L2 24:06 P1: Um. [Reading from a photo of an answer P1 wrote onto a mini-whiteboard the previous lesson displayed on the Interactive Whiteboard] To see and be able to measure the distance the colours have separated as the pencil line wouldn’t dissolve.

L2 24:14 DC (teacher): Lovely. Thank you. The pencil line doesn’t dissolve. Some people use the word lead [DC mimes writing with a pencil], which is fine because we say that at home. We say the pencil is made out of lead. But it isn’t, it’s made of … [DC pauses and points at three different pupils]

L2 24:25 P2: Graphite.

L2 24:26 DC (teacher): … graphite. And two or three people put graphite.
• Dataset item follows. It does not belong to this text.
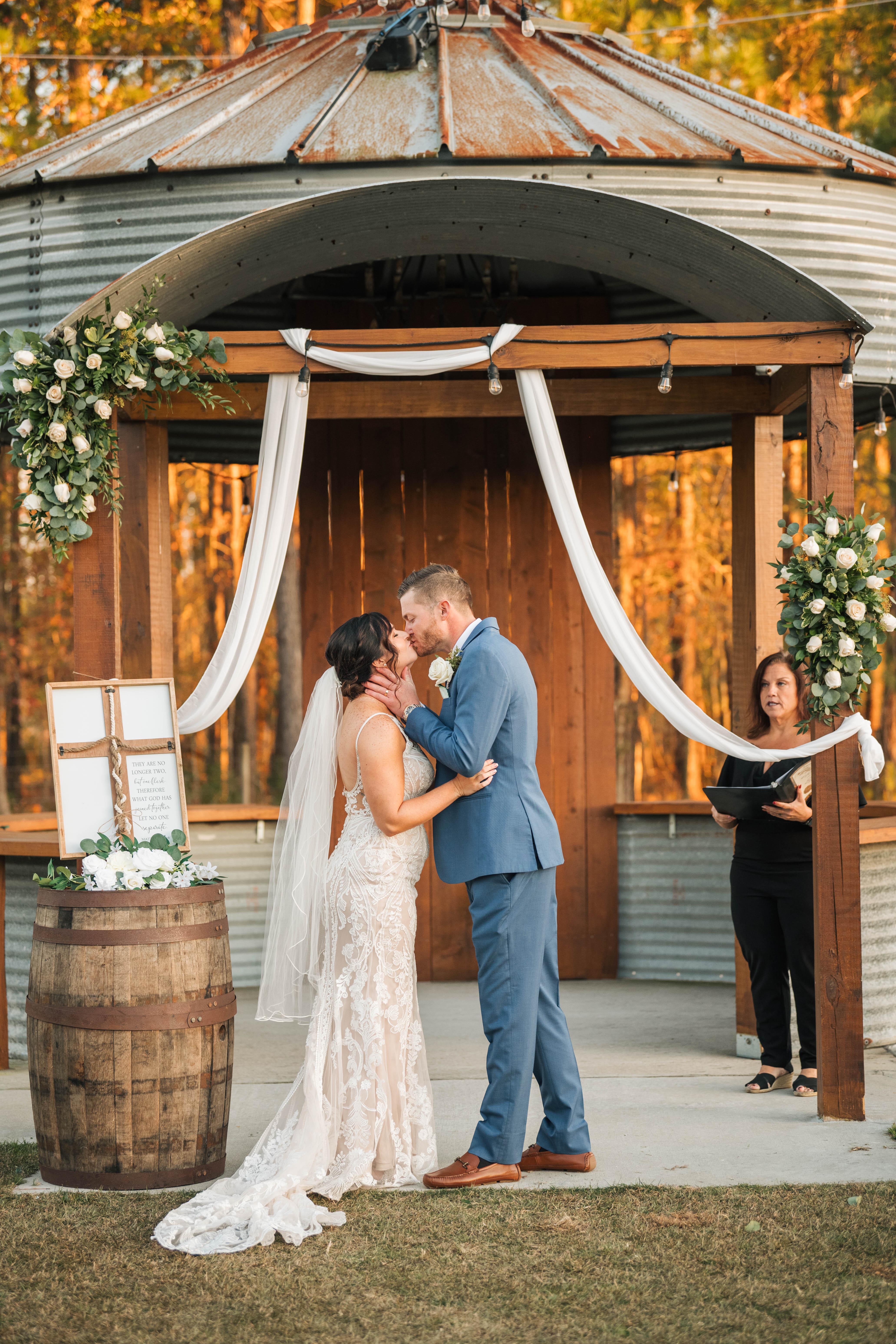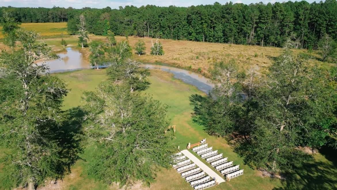 The Barn at Reeves Farm is the perfect location for any wedding ceremony/reception. It’s location near St. George, SC makes it a convenient site for guests in the Charleston/Summerville area, just 4 miles from exit 77 of of I-95. The property consists of a large barn situated on 80 acres of land which provides ample space for an indoor or outdoor wedding. The barn can hold 300 people and table seating is provided for up to 80 people. It features large windows that allow ample natural light to stream into the main room with over 3200 square feet of available space, a handicap accessible men and women’s wash closet, a built-in stage, a bar, and space for a dance floor. The outside property has a pond, oak trees, gazebo, and sprawling fields, any of which can be used for an outside ceremony, cocktail hour, or reception. The outdoor area has additional space to increase the occupancy capacity. A bridal suite is included for the bridal party to use prior to the ceremony.

In the following discussion, tactics are shown in bold. Tactics are behaviours that teachers and learners use regularly during lessons. First (L2 23:57) the teacher instructs the pupils to do something (to tell him about something they have done). Next the pupil informs1 the teacher of what they had written the previous lesson. The teacher then trains the pupil who had answered using praise (in the sense of operant conditioning), and then repeats1 what the pupil has just said. The teacher informs2 the pupils that the centre of a pencil is sometimes called the ‘lead’, that this is reasonable everyday language (inform3), and that this is not made of the metal lead (inform4). He then asks a question about how this would be termed by scientists. The type of question here is what Chin (Citation2007) describes as a ‘verbal cloze’ where the teacher stops speaking to let a pupil finish the sentence. After a pupil gives the correct answer (another inform5) the teacher repeats2 this to confirm that it is correct. The teacher then informs6 the pupils that some of them had given this correct answer previously. Hence in 29 seconds, eleven tactics are used of five different types.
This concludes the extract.